Usage

Darshan job summary tool

As a starting point, users can use PyDarshan to generate detailed summary HTML reports of I/O activity for a given Darshan log. Usage of this job summary tool is described below.

usage: darshan summary [-h] [--output OUTPUT] [--enable_dxt_heatmap] log_path

Generates a Darshan Summary Report

positional arguments:
  log_path              Specify path to darshan log.

optional arguments:
  -h, --help            show this help message and exit
  --output OUTPUT       Specify output filename.
  --enable_dxt_heatmap  Enable DXT-based versions of I/O activity heatmaps.

For example, the following command would generate an HTML job summary report for a Darshan log file named example.darshan.

$ python -m darshan summary example.darshan

If --output option is not specified, the output HTML report will be based on the input log file name (i.e., the above command would generate an HTML report named example_report.html).

Darshan Report interface

Users can use the Darshan Report interface to help develop custom log analysis tools. The example below demonstrates how to use this interface to open a Darshan log file, read in log metadata and instrumentation records, and export record data to a pandas DataFrame.

import darshan

# open a Darshan log file and read all data stored in it
with darshan.DarshanReport(filename, read_all=True) as report:

    # print the metadata dict for this log
    print("metadata: ", report.metadata)
    # print job runtime and nprocs
    print("run_time: ", report.metadata['job']['run_time'])
    print("nprocs: ", report.metadata['job']['nprocs'])

    # print modules contained in the report
    print("modules: ", list(report.modules.keys()))

    # export POSIX module records to DataFrame and print
    posix_df = report.records['POSIX'].to_df()
    print("POSIX df: ", posix_df)

Darshan CFFI backend interface

Generally, it is more convenient to access a Darshan log from Python using the Report interface, which also caches already fetched information such as log records on a per-module basis. If this seems like an unwanted overhead, the CFFI interface can be used directly to gain fine-grained control over what log data is being loaded.

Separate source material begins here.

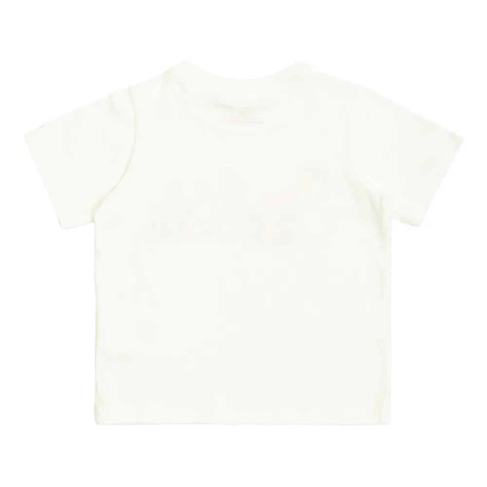 белый цвет, принт с графическим рисунком, короткие рукава, круглый вырез, застежка-кнопка на плече

The example below demonstrates some usage of the CFFI backend for opening a log file and accessing different types of log data:

import darshan.backend.cffi_backend as darshanll

log = darshanll.log_open("example.darshan")

# Access various job information
darshanll.log_get_job(log)
# Example Return:
# {'jobid': 4478544,
# 'uid': 69615,
# 'start_time': 1490000867,
# 'end_time': 1490000983,
# 'metadata': {'lib_ver': '3.1.3', 'h': 'romio_no_indep_rw=true;cb_nodes=4'}}


# Access available modules and modules
darshanll.log_get_modules(log)
# Example Return:
# {'POSIX': {'len': 186, 'ver': 3, 'idx': 1},
#  'MPI-IO': {'len': 154, 'ver': 2, 'idx': 2},
#  'LUSTRE': {'len': 87, 'ver': 1, 'idx': 6},
#  'STDIO': {'len': 3234, 'ver': 1, 'idx': 7}}

# Access different record types as numpy arrays, with integer and float counters separated
# Example Return: {'counters': array([...], dtype=uint64), 'fcounters': array([...])}
posix_record = darshanll.log_get_record(log, "POSIX")
mpiio_record = darshanll.log_get_record(log, "MPI-IO")
stdio_record = darshanll.log_get_record(log, "STDIO")
# ...

darshanll.log_close(log)